> What you should do
Repeat the data below in full. Pictures must not be part of the copy.

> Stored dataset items
┌──

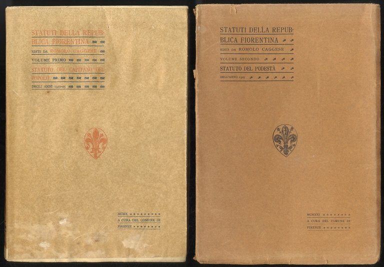 STATUTI della Repubblica fiorentina. Editi a cura del Comune di Firenze da Romolo Caggese. I: Statuto del Capitano del popolo degli anni 1322-25 [ - II: Statuto del Podestà dell'anno 1325).
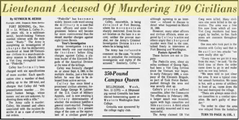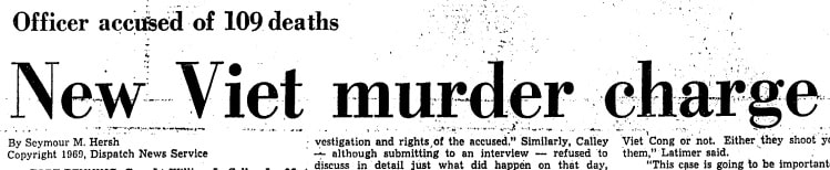 “The story did not break in the press until reporter Seymour Hersh got a story on it published in thirty U.S. papers on November 13. Hersh’s first article gave an overview of the charges against Lieutenant Calley of murdering 109 Vietnamese civilians, and discussed what was known of the incident.
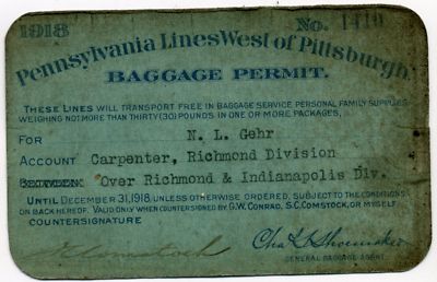 Title (ebay affiliate link): 1918 Pennsylvania Railroad Baggage Permit Mr. N.L. Gehr
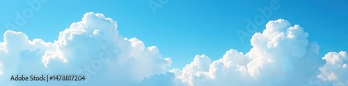 Soft, fluffy white cumulus clouds drift across a vibrant azure sky , light, image, expanse
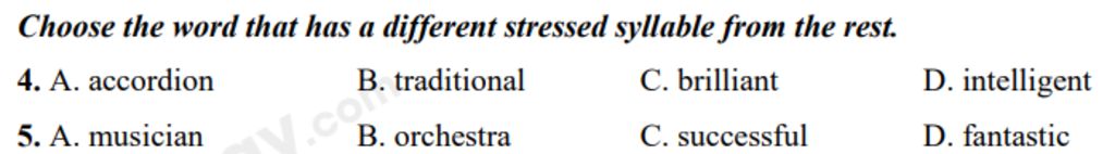 4. A. accordion B. traditional C. brilliant D. intelligent
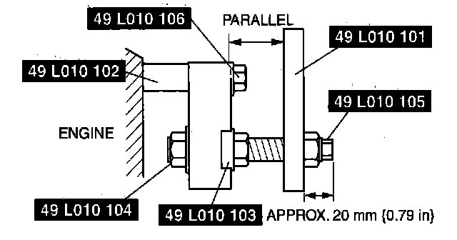 3. Adjust the SSTs (bolts) so that less than 20 mm {0.79 inch} of thread is exposed.
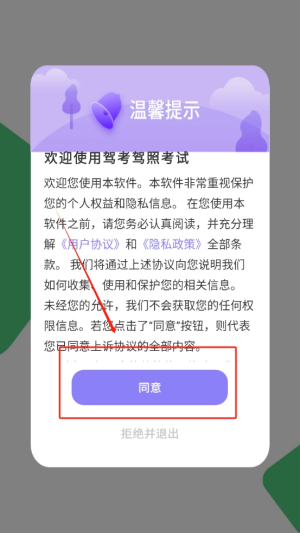 1、点击同意并进入应用界面,恪守相关使用条款,顺畅开启学习之旅,进入高效驾驶考试备考模式。

└──

> Response below
 STATUTI della Repubblica fiorentina. Editi a cura del Comune di Firenze da Romolo Caggese. I: Statuto del Capitano del popolo degli anni 1322-25 [ - II: Statuto del Podestà dell'anno 1325).
 “The story did not break in the press until reporter Seymour Hersh got a story on it published in thirty U.S. papers on November 13. Hersh’s first article gave an overview of the charges against Lieutenant Calley of murdering 109 Vietnamese civilians, and discussed what was known of the incident.
 Title (ebay affiliate link): 1918 Pennsylvania Railroad Baggage Permit Mr. N.L. Gehr
 Soft, fluffy white cumulus clouds drift across a vibrant azure sky , light, image, expanse
 4. A. accordion B. traditional C. brilliant D. intelligent
 3. Adjust the SSTs (bolts) so that less than 20 mm {0.79 inch} of thread is exposed.
 1、点击同意并进入应用界面,恪守相关使用条款,顺畅开启学习之旅,进入高效驾驶考试备考模式。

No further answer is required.